Coming back to Queiros, he was a person who took the Brahmi script of the Sinhalese inscriptions to be Greek (Temporal and Spiritual conquest of Ceylon, book 1, page60). However, when he writes ‘These terms (written) in the Portuguese and the Chingala languages, were signed and authenticated’, he is not utilizing his linguistic deciphering skills; but rather describing the event (the pact) in ‘our language-their language’ terms, and their language had been set to Chingala by default, because that was Queiros’ perception.

However we, unlike Queiros are insiders and don’t have to be content with that default setting. Our inside information should warn us against accepting default settings when it comes to linguistic matters in medieval Sri Lanka.

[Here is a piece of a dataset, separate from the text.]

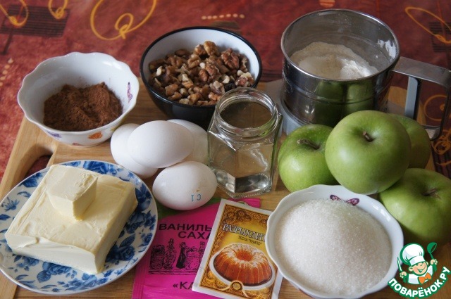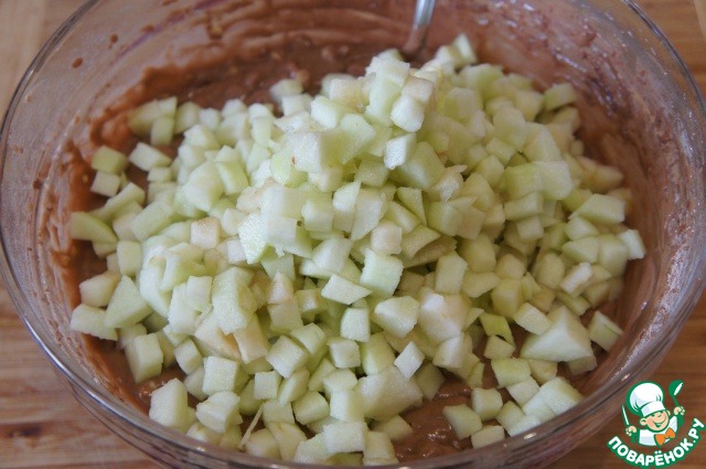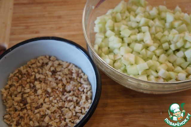 Яблоки очистить, нарезать кубиками, залить ромом и отставить. Орехи крупно нарубить (я просто поломала их пальцами).

The many instances when the State communicated in Tamil, are too well known to need citations, and as for communications from Jaffna, the inscription in Kotagama in Kegalla District, which ‘is almost its (Jaffna Kingdom’s) only surviving relic’ (Chapter 5, Codrington’s Short history of Ceylon) is in Tamil

“Inscriptional evidence provides some interesting details on these incursions and their consequences. The Kotagama and Lahugala inscriptions refer to one Ariyan of Singai Nagar who invaded the Four Korales and that rather than confront the invader, Parakramabahu of Dedigama fled.”